AI & Crypto: Bots, Tokens & Treasuries
Explore how autonomous agents and tokenized Treasuries are reshaping DeFi and TradFi. Learn what founders and investors need to know
Autonomous agents are here. They’re reallocating portfolios in your sleep, turning chat feeds into wallets, and reshaping how digital value moves. Meanwhile, institutions are quietly tokenizing everything from U.S. treasuries to real estate. This newsletter dives deep into AI × Crypto, a narrative that won’t die because it bridges two megatrends. Markets may wobble, but the machine economy and tokenized finance keep advancing.

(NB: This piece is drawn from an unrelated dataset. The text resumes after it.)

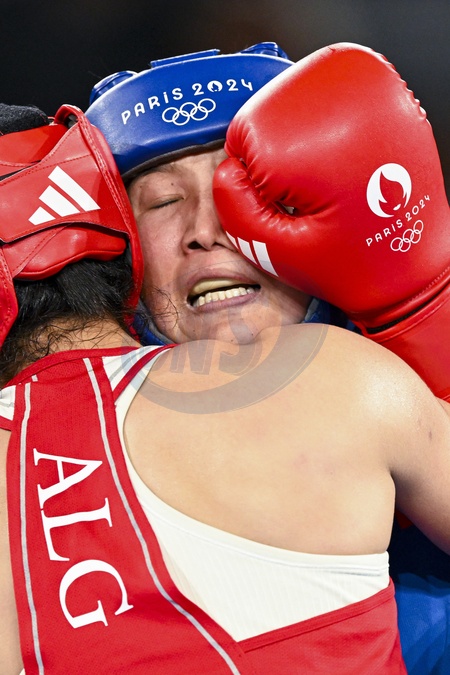 Imane Khelif devient championne olympique en -66 kg aux JO de Paris 2024, le 9 aout 2024. L'Algérienne Imane Khelif, dont la féminité a été remise en question, devient championne olympique en - 66 kg, en battant la Chinoise Y.Liu, en finale aux Jeux Olympiques de Paris2024 (JO), le 9 août 2024. © Jacovides-Perusseau / Bestimage Algerian Imane Khelif becomes Olympic champion in -66 kg at the Paris2024 Olympic Games (JO), on August 9th, 2024.

Crypto markets look fatigued. AI‑linked tokens slumped 6% this week and opportunistic treasuries are rotating into fringe coins . Yet under the red candles, something bigger is brewing. AI agents now execute trades from within your Telegram chats , and major asset managers are issuing tokenized money‑market funds on public blockchains . The lines between DeFi and TradFi are blurring, and the battle between bots and bankers is just getting started.
Why It Matters
For builders, this shift opens a greenfield: conversational wallets, agent marketplaces, programmable asset wrappers, and trust‑layer infrastructure. For investors, it demands discernment — separating durable platforms from “AI‑in‑name‑only” pumps, and understanding how tokenized yields and autonomous strategies will reshape portfolios. Ignore the narrative at your own risk: AI‑driven DeFi and tokenized treasuries are not competing stories but complementary pillars of the next financial stack.

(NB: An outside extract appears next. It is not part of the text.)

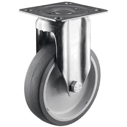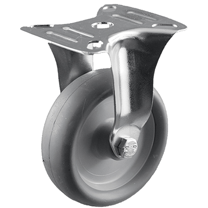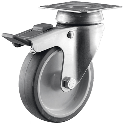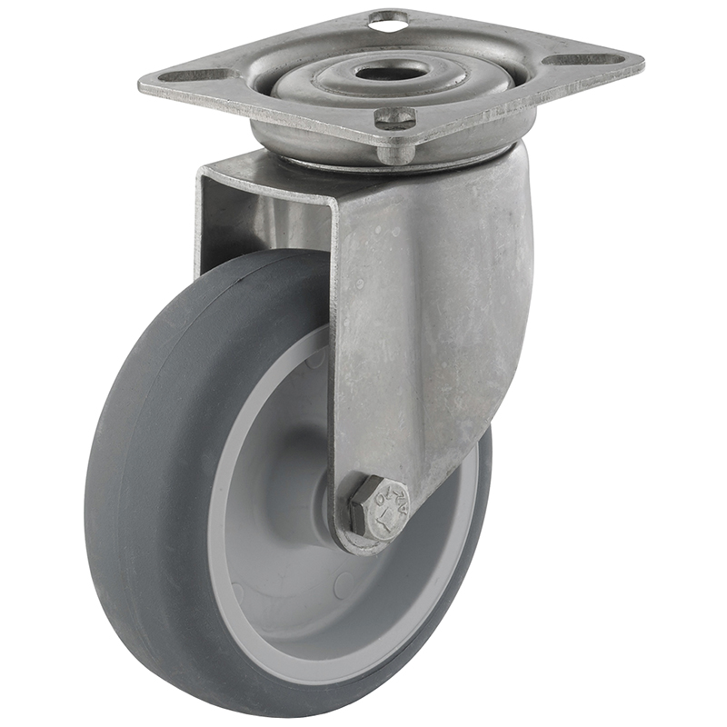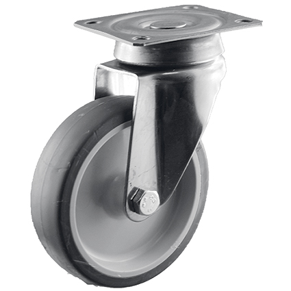 Boîtier inox, embout à chape avec double roulement à bille, bande de roulement en caoutchouc thermoplastique gris, sans traces, corps de roue en polypropylène avec palier lisse, résistance à des températures de -20° à +70° C

Deep Dive: AI × Crypto and the New Finance
Market Snapshot: Hype versus Reality
The combined market cap of AI‑related crypto tokens sits in the low single‑digit billions. Hype cycles have pushed and pulled valuations — some names shot up ten‑fold during ChatGPT’s heyday only to retrace sharply. Recent months have seen the sector lag broader crypto, with AI coins falling faster than Bitcoin and Ether . This weakness reflects speculation outrunning adoption, but it doesn’t negate the underlying thesis. Unlike memecoins, AI token projects represent two intertwined trends: autonomous agents and new incentive models.
A parallel development is playing out in public markets. Digital asset treasuries (DATs) — public companies holding crypto on their balance sheets — are shifting from Bitcoin into more exotic coins in search of yield . Analysts warn that venturing into illiquid tokens increases volatility and pressure on equities when markets drop . One DAT even justified its purchase of NEAR as a way to tap the token’s built‑in AI capabilities . The takeaway: speculation around AI permeates corporate treasuries, but risk management has yet to catch up.
Inside the AI Machine Economy
At the heart of the AI × Crypto narrative are autonomous agents — software entities that hold keys, call contracts, and make decisions for users. They transform DeFi from a manual affair into a set‑and‑forget system. Here’s what’s happening today:
Conversational wallets: Bankr’s on‑chain agent turns a chat handle into a wallet login. You send “Buy $100 of ETH” in Telegram or X; the agent executes the swap, bridges if necessary, and records every transaction on‑chain . Gas fees are abstracted, and safety features like refusing scam tokens are built in . This design meets users where they already spend time, hiding private keys while preserving non‑custodial control.
Agent marketplaces: Autonolas’s Pearl platform lets anyone browse, launch and fund agents on a decentralized network . You define a goal (rebalance a staking portfolio, collect subscription fees, propose DAO votes), fund the agent via card or crypto, and it runs autonomously while every action is recorded on‑chain . Valory co‑founder David Minarsch frames it as giving users “digital teammates” they own, not services they rent .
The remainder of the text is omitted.